AIM OF THE TASK: Would you transcribe the records below from the line with "Stasdock Wall Bike" to the line with "BUMN migas asal", ends included, exactly and with nothing more, leaving the pictures out?

(SOURCE DATA)

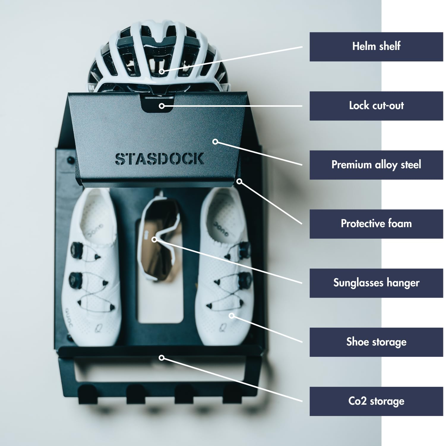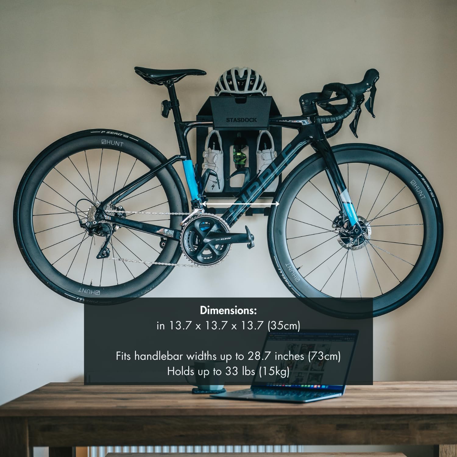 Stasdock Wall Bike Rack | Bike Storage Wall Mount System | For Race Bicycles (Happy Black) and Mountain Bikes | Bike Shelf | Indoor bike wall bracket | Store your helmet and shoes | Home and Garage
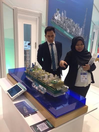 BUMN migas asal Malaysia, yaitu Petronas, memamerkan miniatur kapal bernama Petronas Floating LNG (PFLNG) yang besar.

(End SOURCE DATA)
(SOURCE DATA)

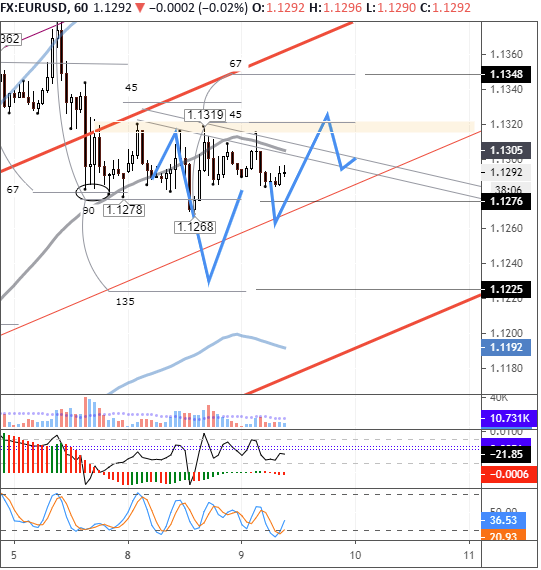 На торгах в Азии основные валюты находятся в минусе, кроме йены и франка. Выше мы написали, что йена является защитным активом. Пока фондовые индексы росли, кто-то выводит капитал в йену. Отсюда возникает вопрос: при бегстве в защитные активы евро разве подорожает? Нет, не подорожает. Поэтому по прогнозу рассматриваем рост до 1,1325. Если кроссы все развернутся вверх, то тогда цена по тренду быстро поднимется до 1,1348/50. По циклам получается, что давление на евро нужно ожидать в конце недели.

(End SOURCE DATA)
(SOURCE DATA)

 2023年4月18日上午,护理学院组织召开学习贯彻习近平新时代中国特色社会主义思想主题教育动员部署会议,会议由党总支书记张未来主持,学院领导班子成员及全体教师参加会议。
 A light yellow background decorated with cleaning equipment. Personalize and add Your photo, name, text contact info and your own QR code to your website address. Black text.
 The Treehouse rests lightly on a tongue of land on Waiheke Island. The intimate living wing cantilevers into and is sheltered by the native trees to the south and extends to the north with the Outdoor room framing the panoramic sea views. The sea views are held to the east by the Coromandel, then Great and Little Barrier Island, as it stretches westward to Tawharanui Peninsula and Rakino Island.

(End SOURCE DATA)

RESPONSE TO THIS TASK:
 Stasdock Wall Bike Rack | Bike Storage Wall Mount System | For Race Bicycles (Happy Black) and Mountain Bikes | Bike Shelf | Indoor bike wall bracket | Store your helmet and shoes | Home and Garage
 BUMN migas asal Malaysia, yaitu Petronas, memamerkan miniatur kapal bernama Petronas Floating LNG (PFLNG) yang besar.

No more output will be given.